Skelton still only rates his French-speaking fluency at 20 per cent but La Rochelle will be home until the summer of 2025 and he is certainly enjoying the current challenge of seeing the club attempt to build on last season’s breakthrough Heineken Champions Cup title. They are third at the moment in the Top 14 and Saturday’s latest European win at Northampton secured home advantage in the round of 16.
“It has been interesting. We had a lot of new recruits who came into the squad off the back of winning Europe. It’s tough for them to come in, they have got a lot of pressure on their shoulders. But it is also eye-opening that we have done it once, let’s see if we can do it again and you have got that taste now.
“Ronan (O’Gara) always talks about having the taste of winning trophies and we have got that taste now, we have got that hunger to want to succeed and want to play in the big games in Europe and domestically in France. We are definitely hungry for more success.

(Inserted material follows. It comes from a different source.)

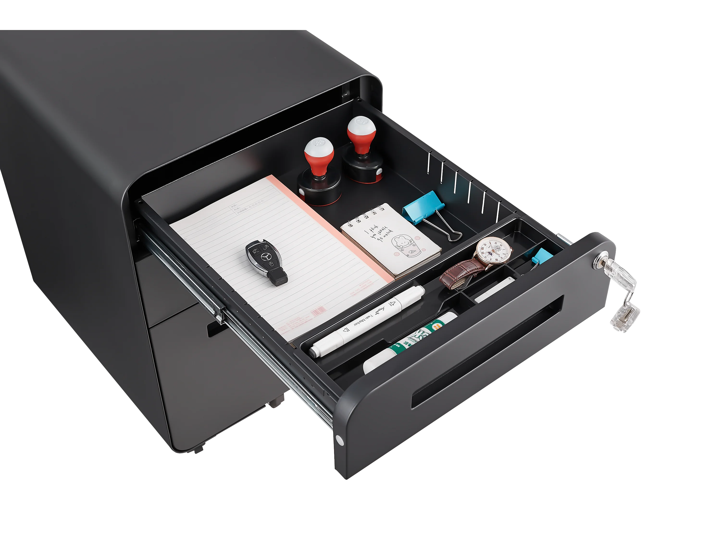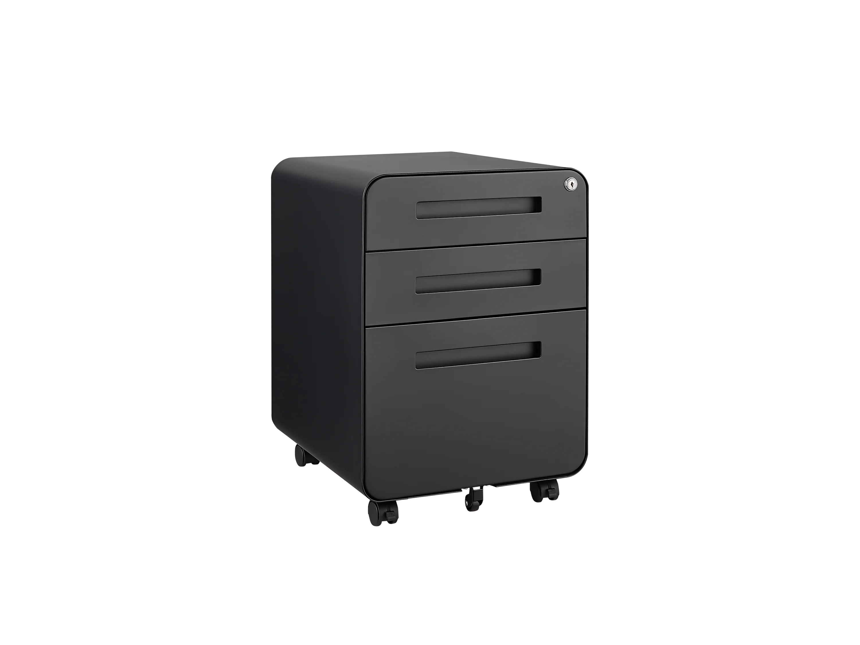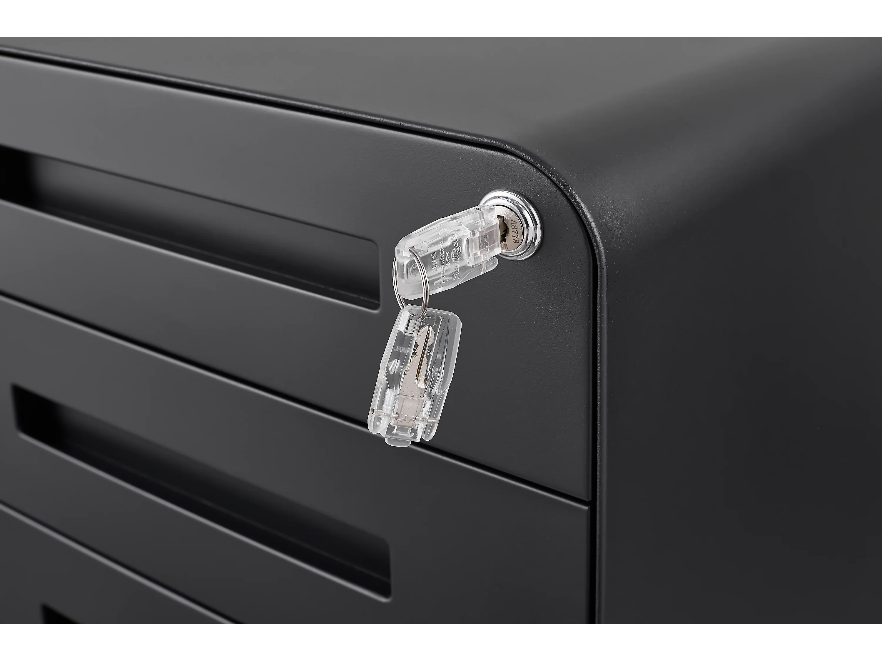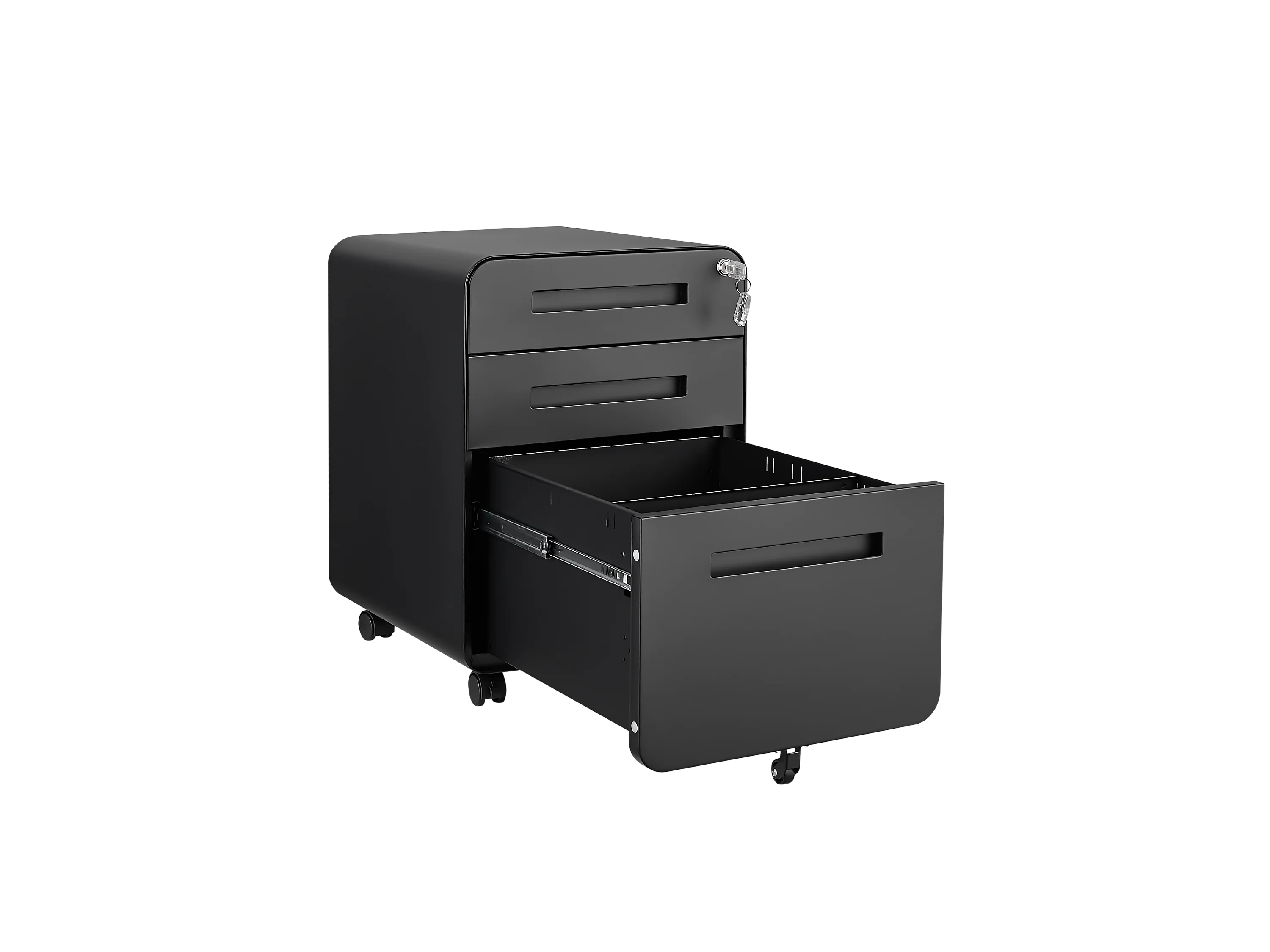 Armoire à fichiers mobile 3 tiroirs, métal, avec roulettes, anti-basculement, noir (46x40x58 cm)
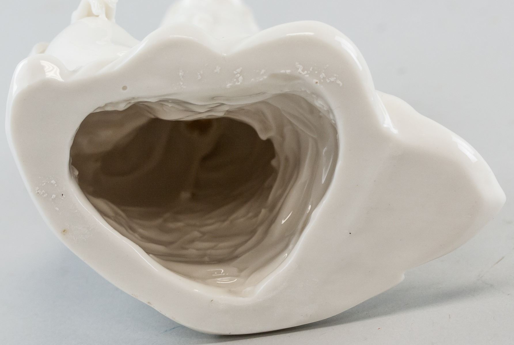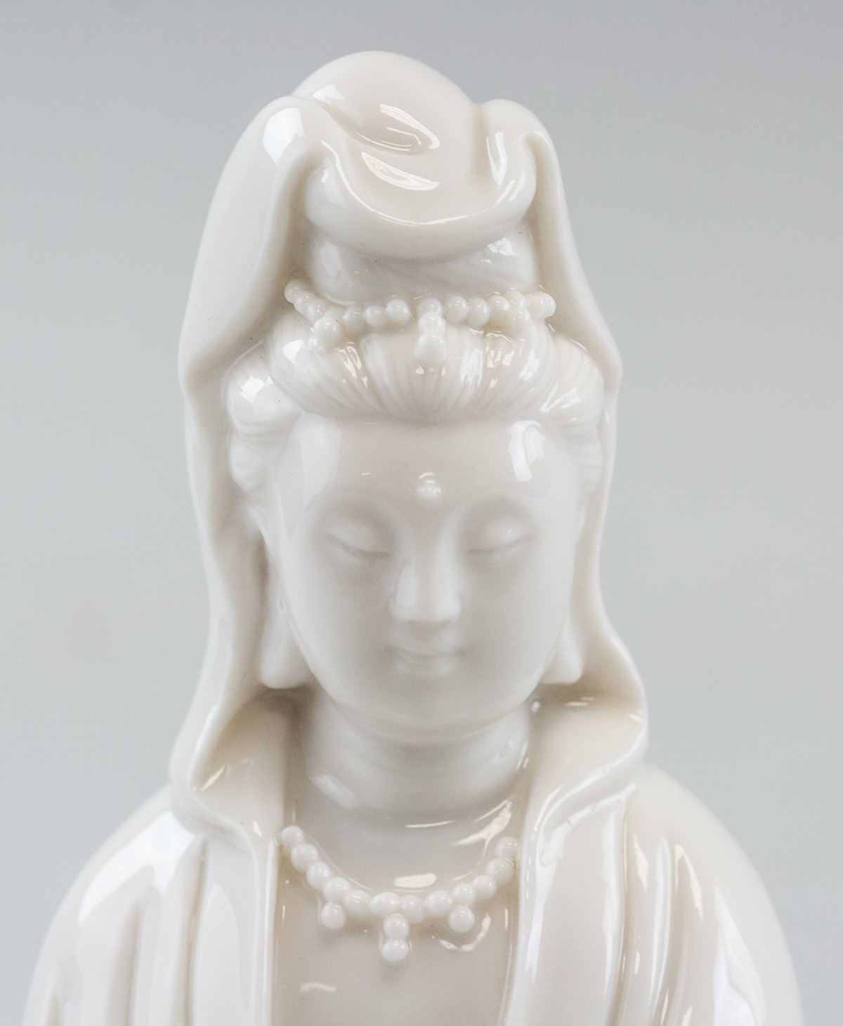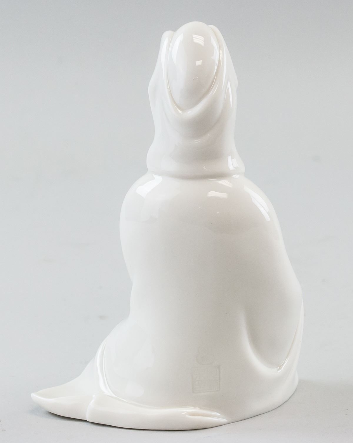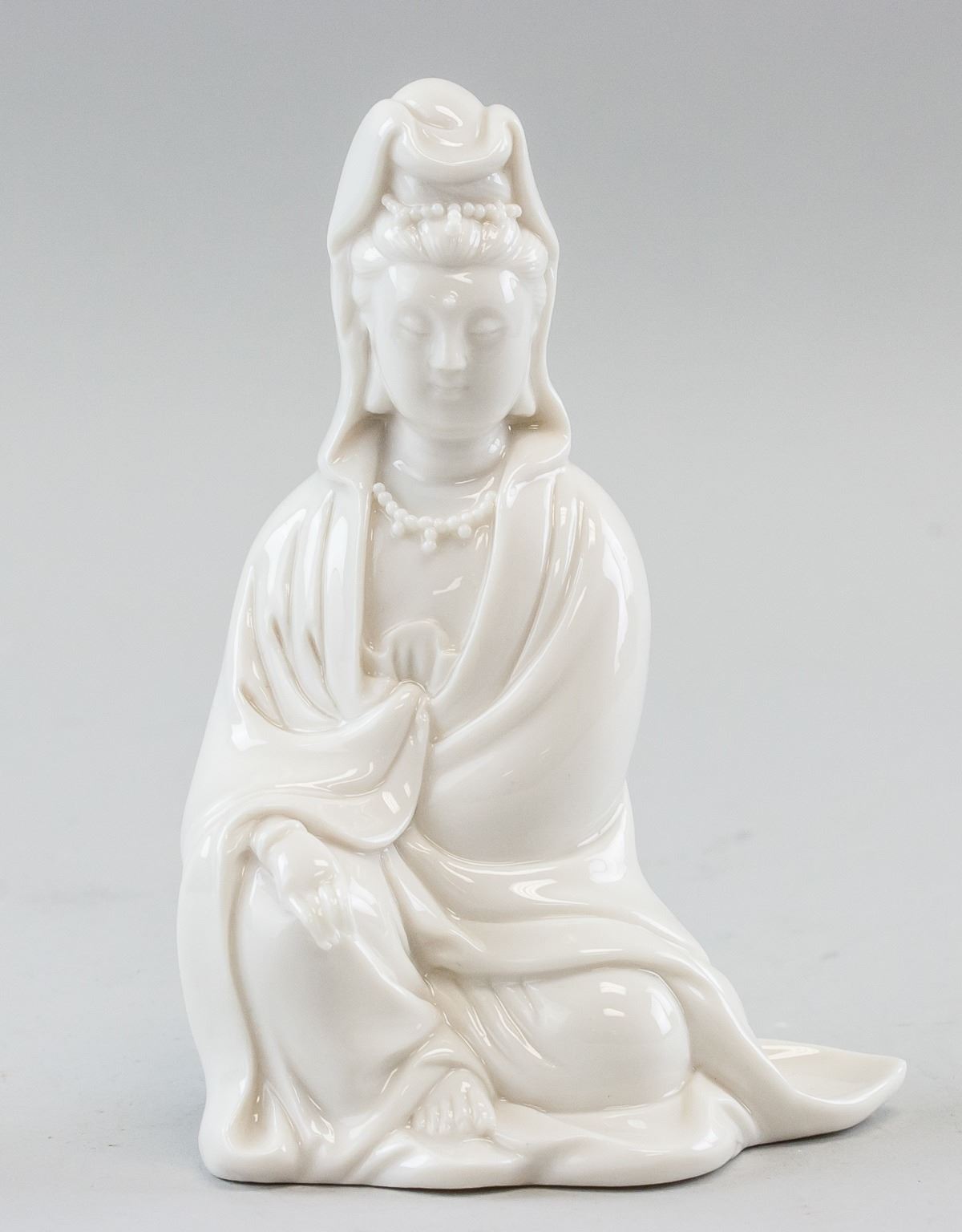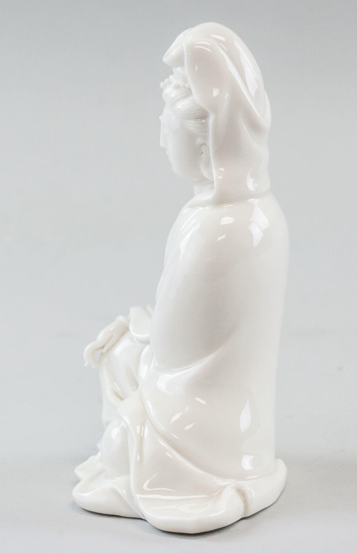 Chinese porcelain statue. Of white tone. Featuring Guanyin seated on the ground. Two faint marks on back, near base. 17 x 21 cm, 421 grams.

“It is always nice to have (contract) security. As a family, we love La Rochelle, it’s a great city. The supporters are great, the people are great. We are really excited about where Ronan wants to take this club and the journey that we are on at the moment. We love it here, my son was born here so we have got a lot to be grateful for in La Rochelle. Yeah, 2025, hopefully I get there injury-free but at the moment I’m loving my rugby and loving the lifestyle in La Rochelle.”
To cap it all off, the pandemic restrictions on travel which existed in his first season at the club are no more. “We have been home twice now (to Australia) and my mum came over and met my son when he was about three or four months. That was nice.
“The world has opened up now and I always like it when family comes here because they get to experience the day-to-day of living in France, get to experience a different culture. My parents are going to try and come over together in May this year which would be really cool. My dad hasn’t come yet. He will love it here.”